# Buying Leaf Tickets



## elce (Aug 16, 2018)

When ACC first came out I was an avid player, I quit playing after the Xmas event though. I did purchase leaf tickets in order to obtain the Xmas items and now my camp is sort of perpetually stuck as being that theme because I'm broke lol. Basically I was just wondering how everyone else feels about buying tickets, is it worth it or not?


----------



## nanpan (Aug 17, 2018)

Personally I don't feel like it's worth it if you're capable of getting things done on your own or with the help of friends ! Although if you don't have time and you do have money I say do what makes you happy


----------



## mogyay (Aug 17, 2018)

seems like people do pretty well without having to purchase any tickets (although the way pocket camp is heading that might not be the case soon), personally i've bought quite a few leaf tickets now because i hate myself. i'd advise against it though


----------



## danceonglitter (Aug 17, 2018)

I try not to buy leaf tickets if I can, but sometimes I just get frustrated at my lack of them so I buy them so I can get cookies and stuff like that with them, aha. But I don't really think it's worth spending real money on them unless there's something you really wanna get and you just can't seem to save up enough leaf tickets!


----------



## Soigne (Aug 17, 2018)

I haven't bought any because I know once I do I will never stop. Willpower!


----------



## Imaginetheday (Aug 18, 2018)

I have bought some in the past, but I try not to now. Not saying I never will again, but they are very pricey and we are talking about virtual items.


----------



## Angel-Rae (Aug 25, 2018)

I’ve only bought them to finish the Rover gardening event. I decided after that I wouldn’t be a completist if I had to pay. I’ve been able to get nearly everything I’ve wanted by earning tickets in game. I work hard to do everything required to earn tickets during events and for goals.


----------



## Ras (Aug 26, 2018)

They're making it hard to get by without buying tickets. It really sucks that you can spend money and still never get the cookie items you need.


----------



## Bcat (Aug 27, 2018)

i bought tickets when the game was new, but I haven't bought anything since they introduced fortune cookies and I don't intend to again.

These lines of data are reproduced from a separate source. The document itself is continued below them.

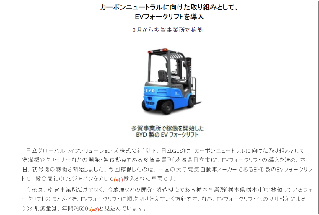 Hitachi GLS, a home appliance company under the Hitachi Group, imported the first BYD forklift, and started operations at the Hitachi GLS Taga Plant (Hitachi City, Ibaraki Prefecture) on March 1.
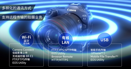 而在网络功能方面,EOS R3支持有线及无线等多种网络连接方式,可满足奋战在新闻报道、野外拍摄以及棚拍等一线专业摄影师不同的传输需求。EOS R3内置2.4GHz/5GHz频段的Wi-Fi通讯功能,支持IEEE 802.11b/g/n/a/ac的规格。除了可通过智能手机应用程序Canon Camera Connect连接智能手机进行图像传输,还支持FTP等业务级图像传输。在EOS R 相机系列中首次支持1000BASE-T以太网端子,可实现高速有线传输。通过USB Type-C 端子(USB 3.2 Gen 2)可连接FTP,或通过EOS Utility 实现文件高速传输及遥控拍摄。
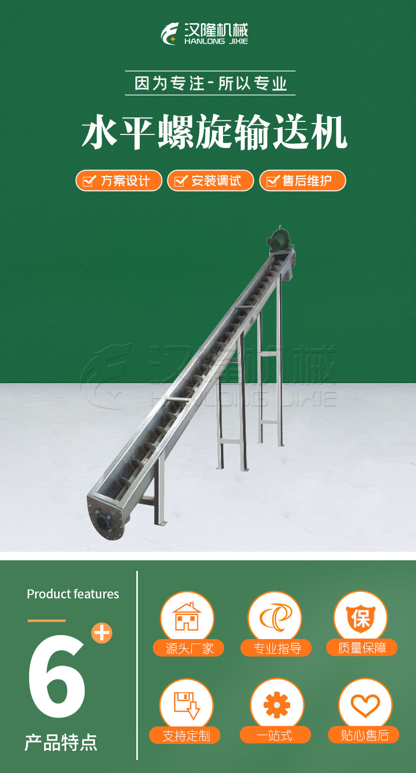 該設備是(shì)利用減速機(jī)帶動螺旋回轉,推移物料以實現輸送目的的機械,具有結(jié)構簡單、截麵積小,便於封閉輸送,可多點加料(liào)或卸料(liào)等優(yōu)點。
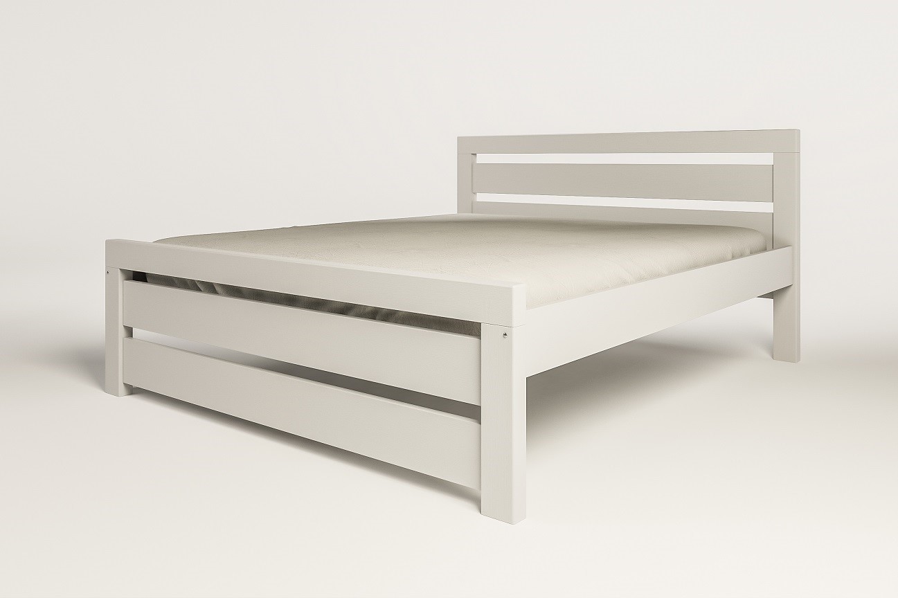 Masívna drevená posteľ v bielom prevedení.
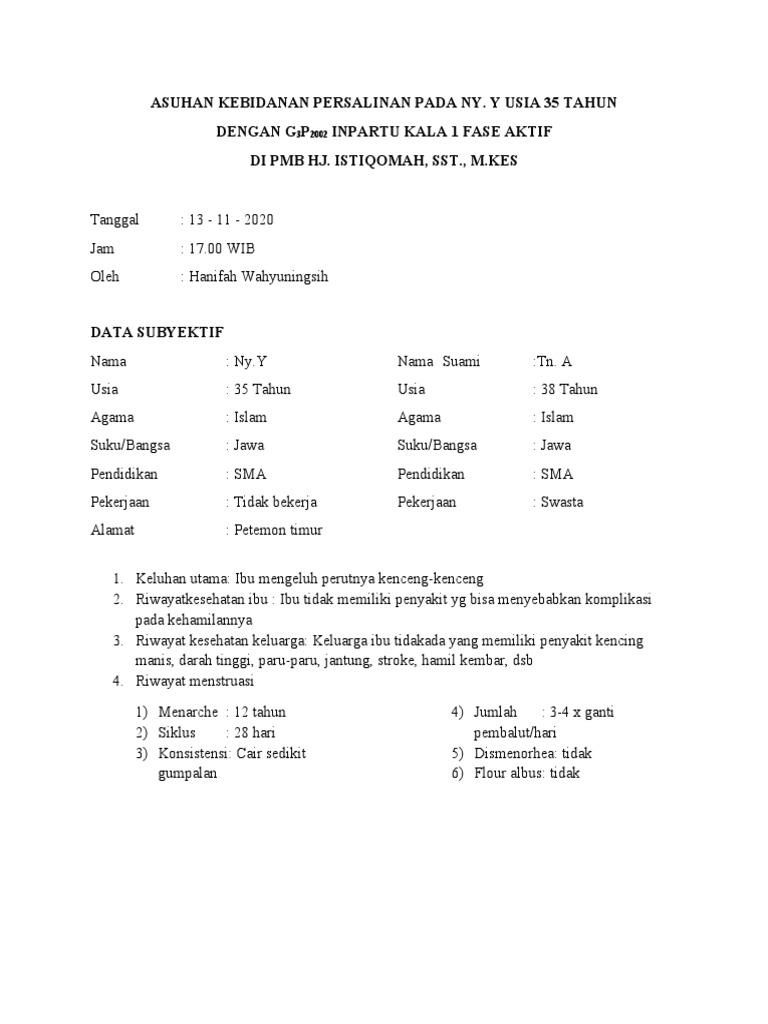 1. Keluhan utama: Ibu mengeluh perutnya kenceng-kenceng
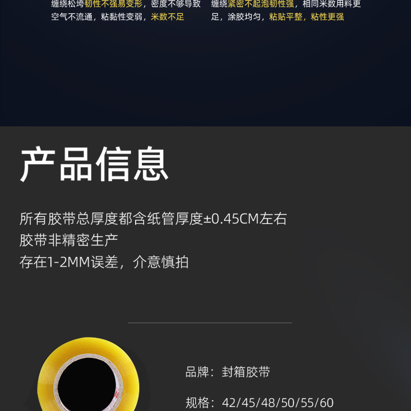 • 투명 노란색, 폭 4.5, 두께 1.0, 길이 50(90롤 한 상자)
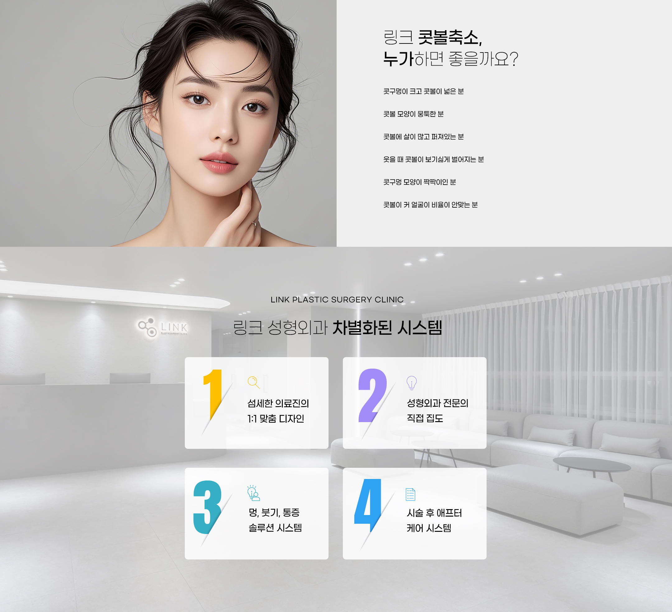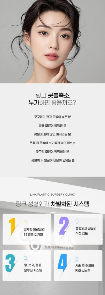 HOME 병원/원장소개 눈성형 눈성형 쌍꺼풀수술 트임수술 트임복원수술 눈밑지방재배치 상안검 | 하안검 눈꺼풀지방제거 눈재수술 코성형 코성형 콧볼축소 코재수술 인중축소 복부성형 복부성형 배꼽성형 가슴성형 쁘띠-슈링크 etc 쁘띠-슈링크 etc 립쥬란 – 입술 리쥬란힐러 리쥬란힐러 테이스티_입술필러 플라워리프팅 지방이식 엑소좀_스킨부스터 지방흡입 HOME 병원/원장소개 눈성형 눈성형 쌍꺼풀수술 트임수술 트임복원수술 눈밑지방재배치 상안검 | 하안검 눈꺼풀지방제거 눈재수술 코성형 코성형 콧볼축소 코재수술 인중축소 복부성형 복부성형 배꼽성형 가슴성형 쁘띠-슈링크 etc 쁘띠-슈링크 etc 립쥬란 – 입술 리쥬란힐러 리쥬란힐러 테이스티_입술필러 플라워리프팅 지방이식 엑소좀_스킨부스터 지방흡입 링크성형외과의원 전화 길찾기 카톡 HOME 병원/원장소개 눈성형 눈성형 쌍꺼풀수술 트임수술 트임복원수술 눈밑지방재배치 상안검 | 하안검 눈꺼풀지방제거 눈재수술 코성형 코성형 콧볼축소 코재수술 인중축소 복부성형 복부성형 배꼽성형 가슴성형 쁘띠-슈링크 etc 쁘띠-슈링크 etc 립쥬란 – 입술 리쥬란힐러 리쥬란힐러 테이스티_입술필러 플라워리프팅 지방이식 엑소좀_스킨부스터 지방흡입 ⓘ 수술 후 출혈, 감염, 염증 등의 합병증이 있을 수 있으며 주관적인 만족도는 개인마다 차이가 있을 수 있습니다 홈페이지 이용약관 개인정보이용방침 LINK PLASTIC SURGERY 병원명 : 링크성형외과의원 대표자 : 성하민, 정민수 사업자등록번호 : 174-25-01491 TEL : 02-577-8388 / FAX : 02-577-8848 서울특별시 강남구 논현동 강남대로 478 제우빌딩 4층 COPYRIGHT (C) LINK PLASTIC SURGERY, 링크성형외과 ALL RIGHT RESERVED. KOREAN PLASTIC SURGERY CLINIC

I'm not going to reward their blatant money-grubbing cash grabs.


----------



## WynterFrost (Aug 27, 2018)

I have a survey app that gives me like 10 cents towards my google play credits so anything I've spent in PC hasn't been my own money but I only buy something if I really want it


----------



## sigh (Sep 2, 2018)

I have yet to spend any money on leaf tickets since starting the game, so far I only earn them by leveling up, completing the goals, or when the game rewards them


----------